By January 30, 2020September 27th, 2022No Comments

The results have been announced and it appears that the Monetary Policy Committee of the Bank of England have voted 7 to 2 for keeping the interest rate steady at 0.75%.

However, the MPC have said that should the UK economy falter, they may act accordingly.

Prior to the announcement, there was speculation that the Bank’s MPC would slash the rate due to the recent diverse economic data.

Minutes from the Bank of England’s Monetary Policy Committee meeting said:

“Policy might need to reinforce the expected recovery in UK GDP growth should the more positive signals from recent indicators of global and domestic activity not be sustained.”

Capital Markets & Digital Director at Kensington Mortgages, Alex Maddox said, “While today’s result could have swung either way – now we have clarity.”

“Weak economic growth in the last quarter of 2019 made it a close call for the Bank of England’s Monetary Policy Committee to cut rates today.

However, low unemployment figures and recent political certainty following the general election has boosted optimism in the market. It’s business as usual for now and the bank continues to keep its powder dry.”

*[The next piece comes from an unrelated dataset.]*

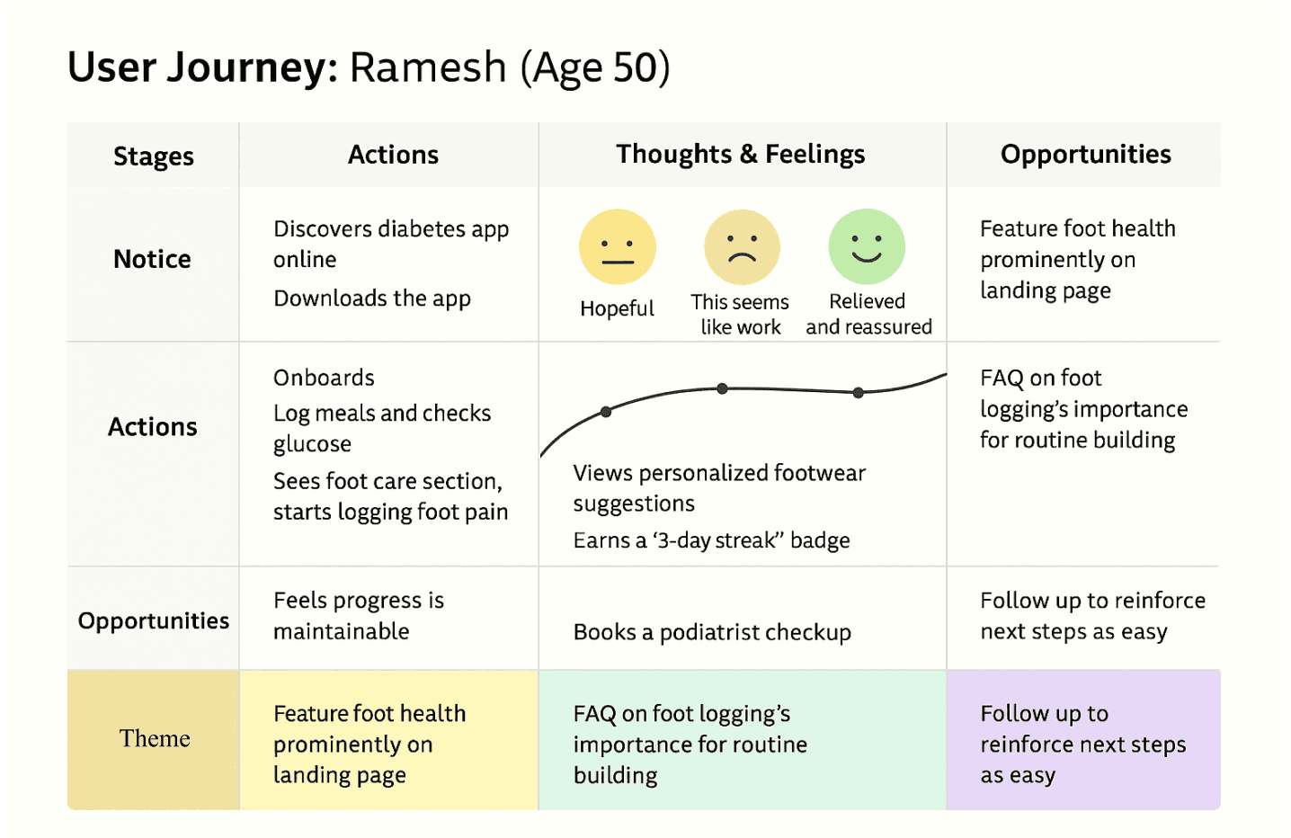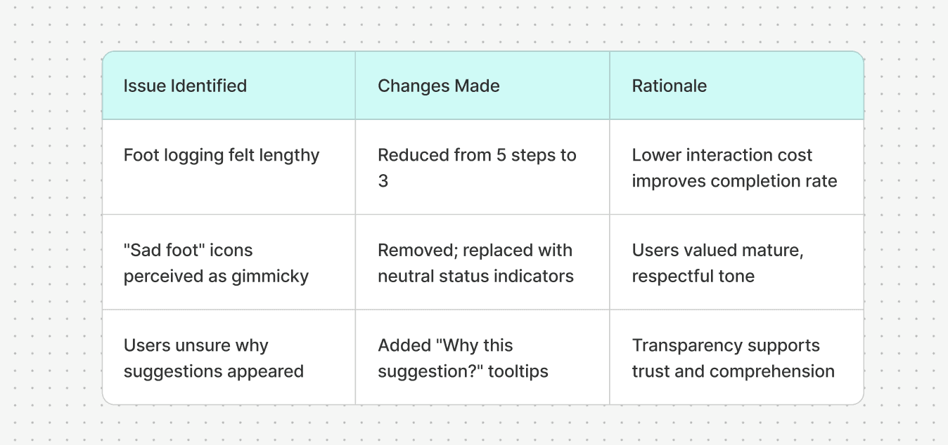 2 rounds of testing (8 + 10 participants) Key changes: Reduced foot logging from 5 steps → 3 Removed "sad foot" icons (users found them gimmicky) Added "Why this suggestion?" tooltips Result: 83% opened twice in 3 days, 90% would recommend

Maddox goes on to say: “As the year continues and we have more clarity on the Brexit transition and trade talk discussions, it will be interesting to see whether there will be any further easing if conditions do not improve.”

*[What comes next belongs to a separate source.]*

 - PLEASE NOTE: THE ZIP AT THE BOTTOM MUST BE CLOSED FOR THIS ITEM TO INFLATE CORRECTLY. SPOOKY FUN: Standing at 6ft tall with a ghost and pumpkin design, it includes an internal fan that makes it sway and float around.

Following the news of the interest rate hold, the Pound has climbed 0.35% against the Dollar, standing at $1.3067, and 0.21% against the Euro, standing at €1.1849.

Seema Shah, market strategist at Principal Global Investors’ said, “With Mark Carney seemingly having deferred this policy decision to his successor, Andrew Bailey will need to land on his feet running,”

“Unless economic activity data improves measurably over the coming months, reflecting proof of the so-called ‘Boris bounce’, and interest rate cut is likely to remain on the agenda for 2020.”